= Beginning of Section =

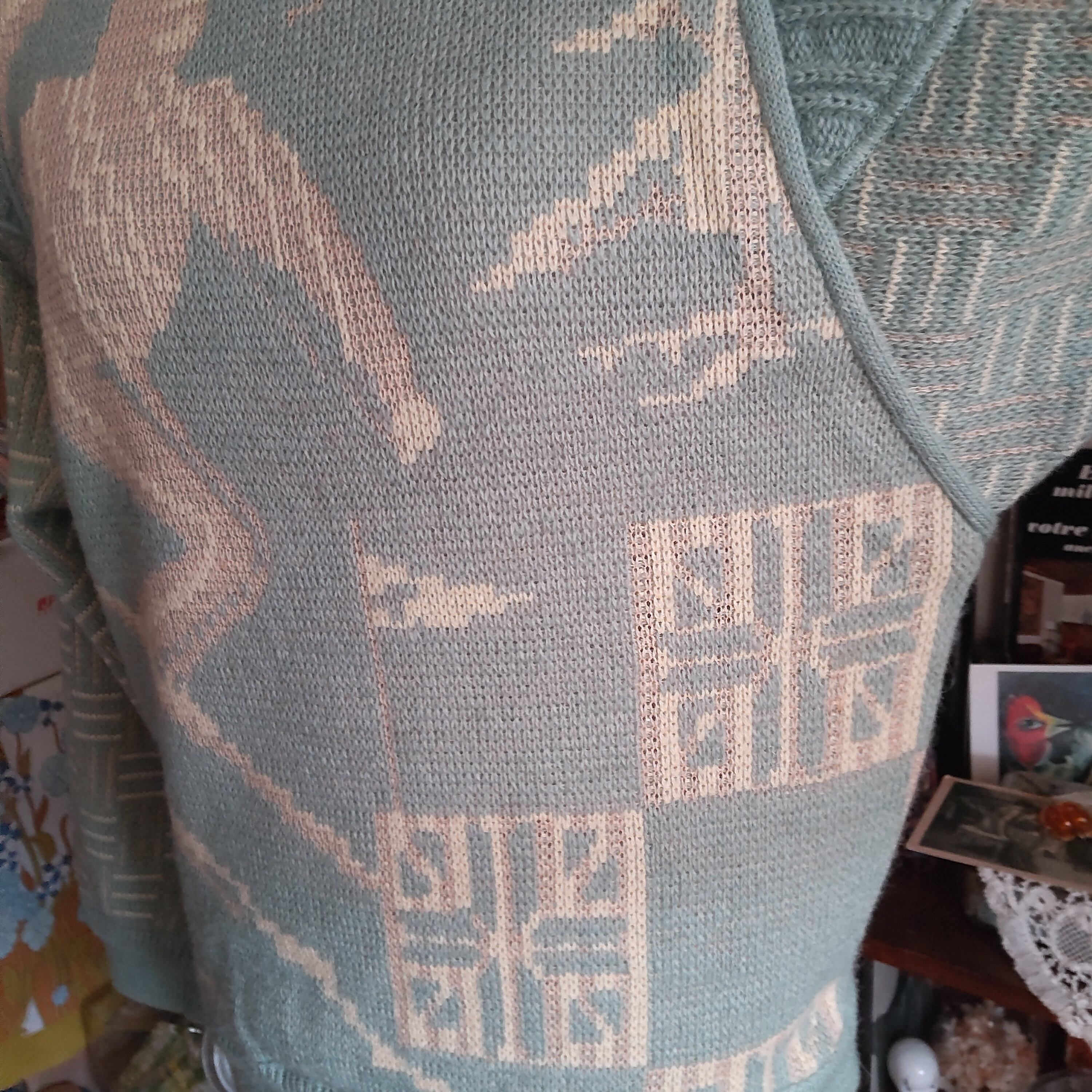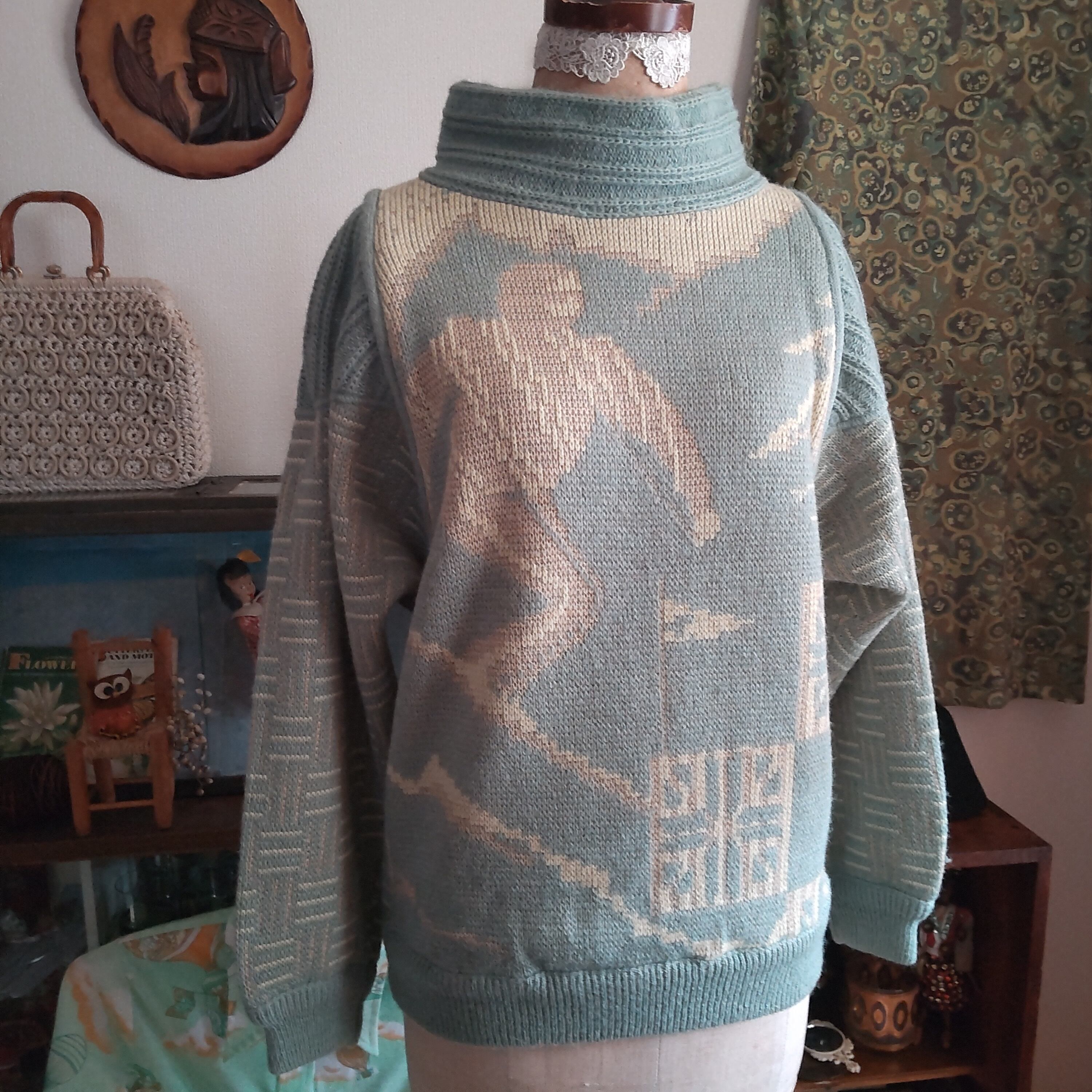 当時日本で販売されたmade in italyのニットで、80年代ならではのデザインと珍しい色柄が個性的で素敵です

= End of Section =
= Beginning of Section =

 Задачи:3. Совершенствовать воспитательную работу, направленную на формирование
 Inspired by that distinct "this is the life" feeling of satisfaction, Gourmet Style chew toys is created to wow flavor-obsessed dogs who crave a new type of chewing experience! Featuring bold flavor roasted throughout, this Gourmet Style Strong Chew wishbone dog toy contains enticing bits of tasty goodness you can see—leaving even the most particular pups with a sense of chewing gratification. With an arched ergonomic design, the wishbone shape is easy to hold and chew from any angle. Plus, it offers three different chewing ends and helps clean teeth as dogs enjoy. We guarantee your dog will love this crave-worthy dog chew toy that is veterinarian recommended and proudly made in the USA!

= End of Section =

Task to carry out:
Please transcribe only the lines in the records above running from the line that has "Задачи:3. Совершенствовать воспитательную" through the line that has "Inspired by that", both included, exactly as they appear.

Solution:
 Задачи:3. Совершенствовать воспитательную работу, направленную на формирование
 Inspired by that distinct "this is the life" feeling of satisfaction, Gourmet Style chew toys is created to wow flavor-obsessed dogs who crave a new type of chewing experience! Featuring bold flavor roasted throughout, this Gourmet Style Strong Chew wishbone dog toy contains enticing bits of tasty goodness you can see—leaving even the most particular pups with a sense of chewing gratification. With an arched ergonomic design, the wishbone shape is easy to hold and chew from any angle. Plus, it offers three different chewing ends and helps clean teeth as dogs enjoy. We guarantee your dog will love this crave-worthy dog chew toy that is veterinarian recommended and proudly made in the USA!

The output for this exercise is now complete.